FBI Agent Says John Wiley Price Stole and Laundered a Lot of Money
John Wiley Price's home, where police seized more than $200,000 in cash and a few fistfuls of designer watches from a safe over the summer.
The FBI dropped a bombshell in federal court today with an affidavit by Special Agent Donald Sherman as to why, exactly, law enforcement felt the need to seize more than $400,000 in cash (thick stacks of $100 bills) and other assets from Dallas County Commissioner John Wiley Price last year.
In broad terms, Sherman accuses Price, with the help of associates Dapheny Fain and political consultant Kathy Nealy, of bankruptcy fraud, money laundering, stealing federal funds and generally enriching himself through illegal means.
The real revelations, as always, are in the details.
The affidavit claims a pay-for-play scheme existed in which businesses would pay handsome consulting fees to Nealy's company at about the time they were seeking to win a contract with Dallas County. A portion of that money would be funneled to Price, who would steer the favored contractor through the Commissioner's Court.
For example, in 2001, Schlumberger was among a handful of companies competing for Dallas County's IT contract in 2001 when it paid Nealy more than $251,000. BearingPoint chipped in a total of $195,000 when it was seeking a contract to provide the county clerk's indexing and imaging system. And Atos, seeking a transfer of the IT contract in 2004, paid $234,000.
And just guess how many of those got Price's vote and ultimate approval.

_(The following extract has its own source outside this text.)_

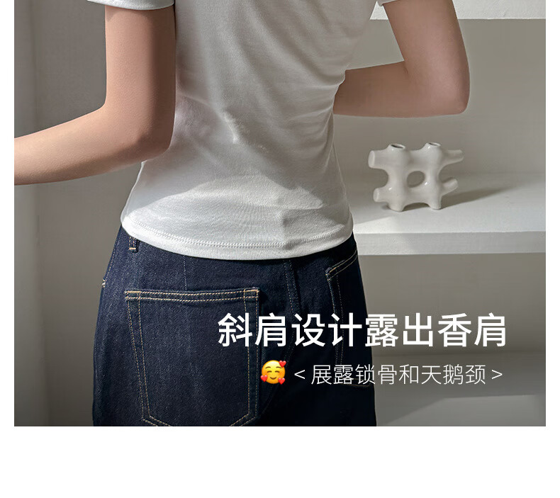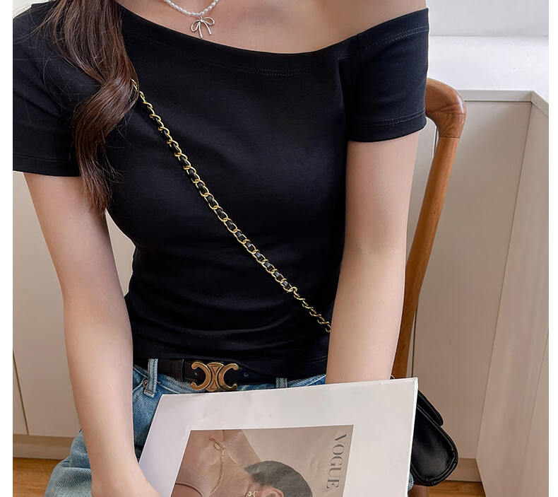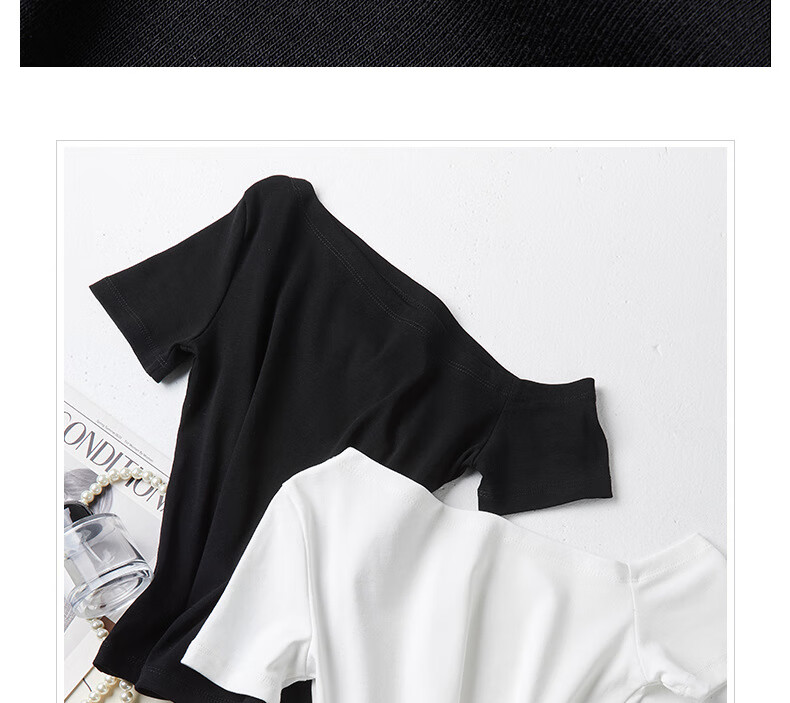 莫代尔辣妹一字领露斜肩短袖t恤女内搭修身显瘦打底弹力上衣T恤衫 黑色 (莫代尔) M (适合体重95-115斤
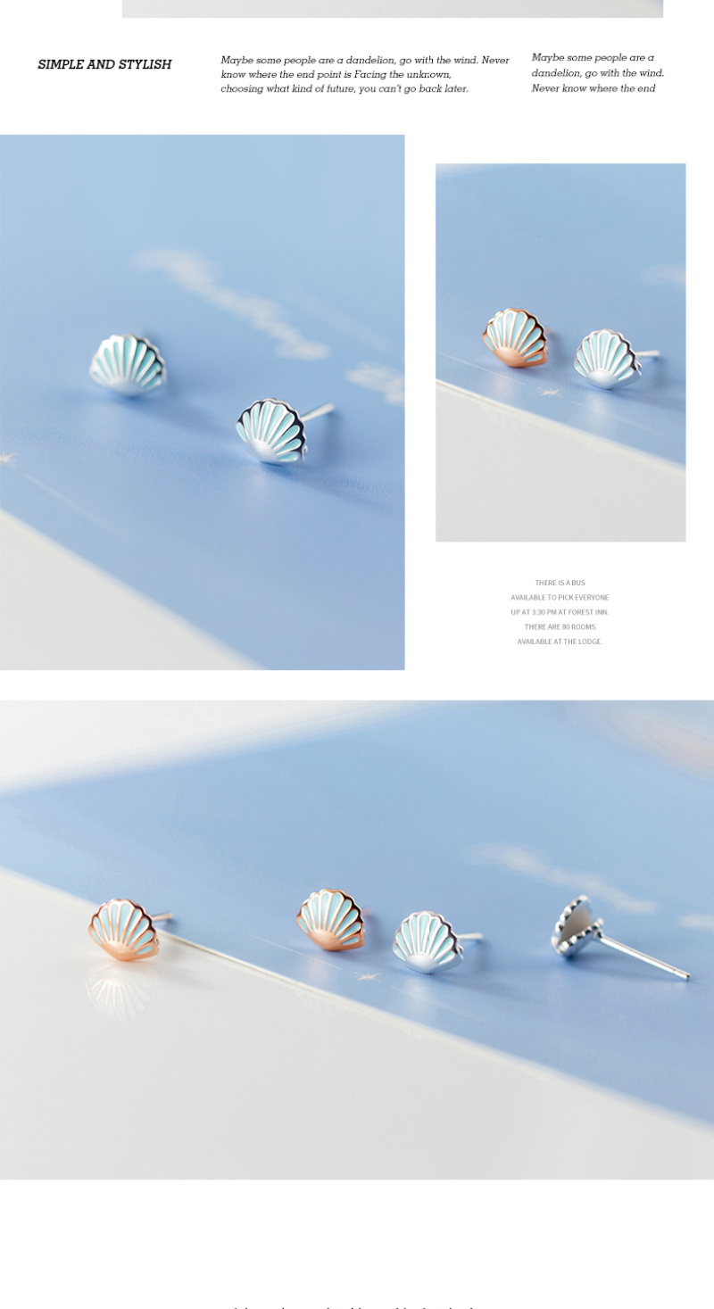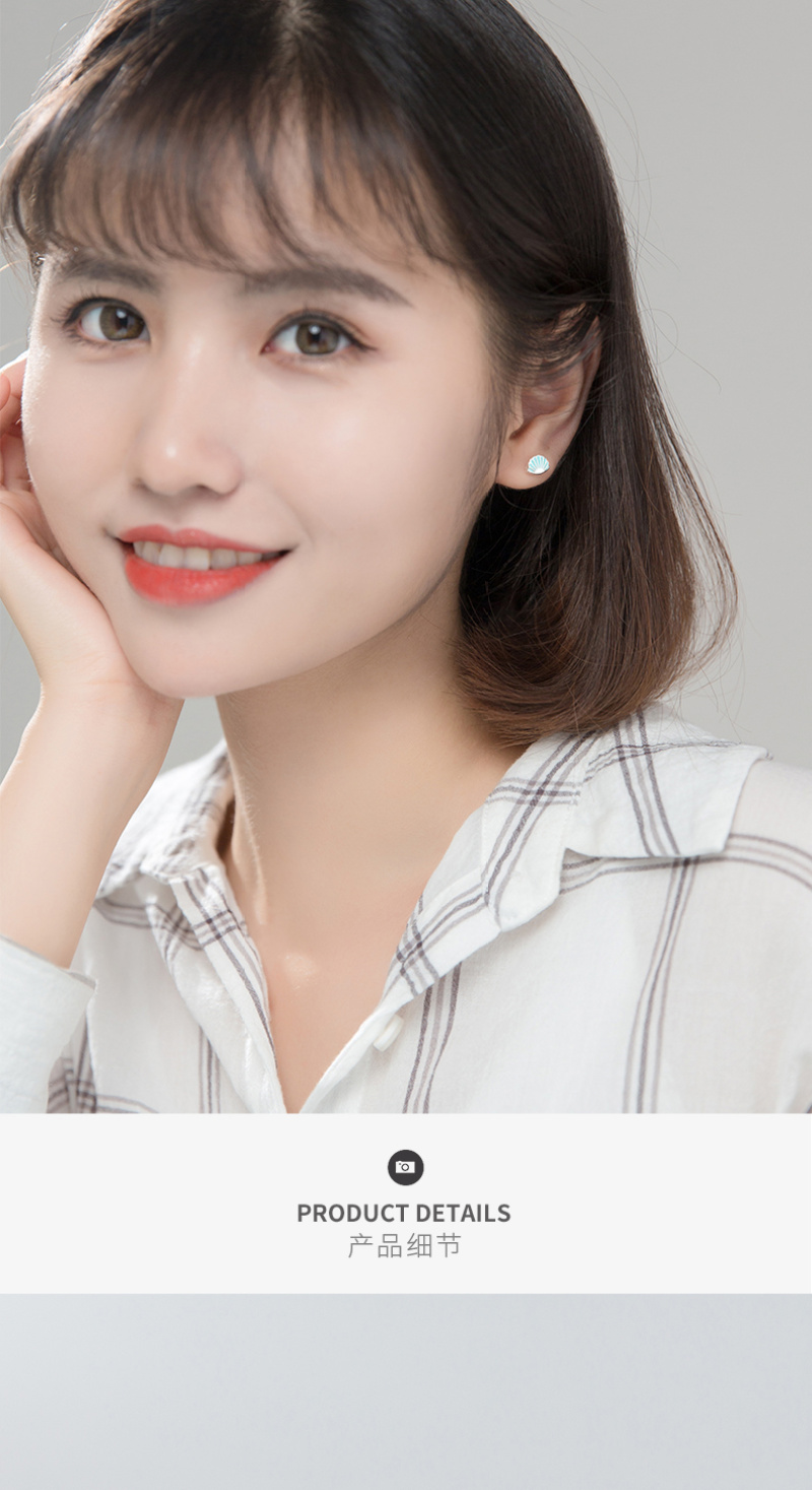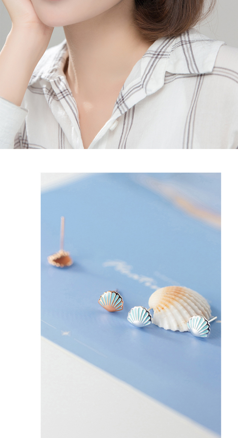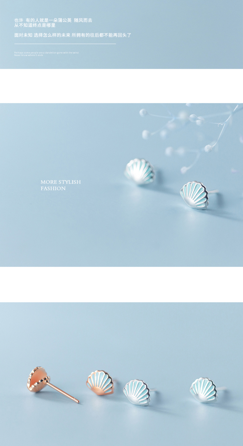 S925银耳钉森系清新蓝色小贝壳耳钉可爱创意学生甜美韩版耳饰银针 English | 投诉

It doesn't stop there. In April 2011, when Mike Rawlings and former police Chief David Kunkle were duking it out Dallas mayoral race and courting endorsements from southern power brokers, Rawlings' campaign paid $25,000 to Nealy for consulting work. According to the FBI, a good chunk -- $5,000 -- went to a bank account belonging to Price, who subsequently announced his support for the current mayor.
Then there's some shady land deals, a home furnishings business that seemed to cater to companies and individuals -- H. Ross Perot for example -- who were seeking Price's support in their dealings with the county, and Kwanzaa Fest, which Price used to pay a company that funneled money into his own pocket.
Bear in mind that these are still only allegations in a civil action and that a criminal investigation is ongoing. But it's a good read if you don't mind a few hundred paragraphs detailing financial transaction, and it gives the first clear idea of what's on the way for Price.
But first, marvel at the list of watches Price kept stashed in his safe, next to the pile of cash: Jacob & Co., Icelink, Breitling, Marc Jacobs, Versace, Chanel, Corum Boutique, Cartier, Rolex, Technolex, Glashutte, Philip Stein, Le Vian and Joe Rodeo. The man certainly knows the time.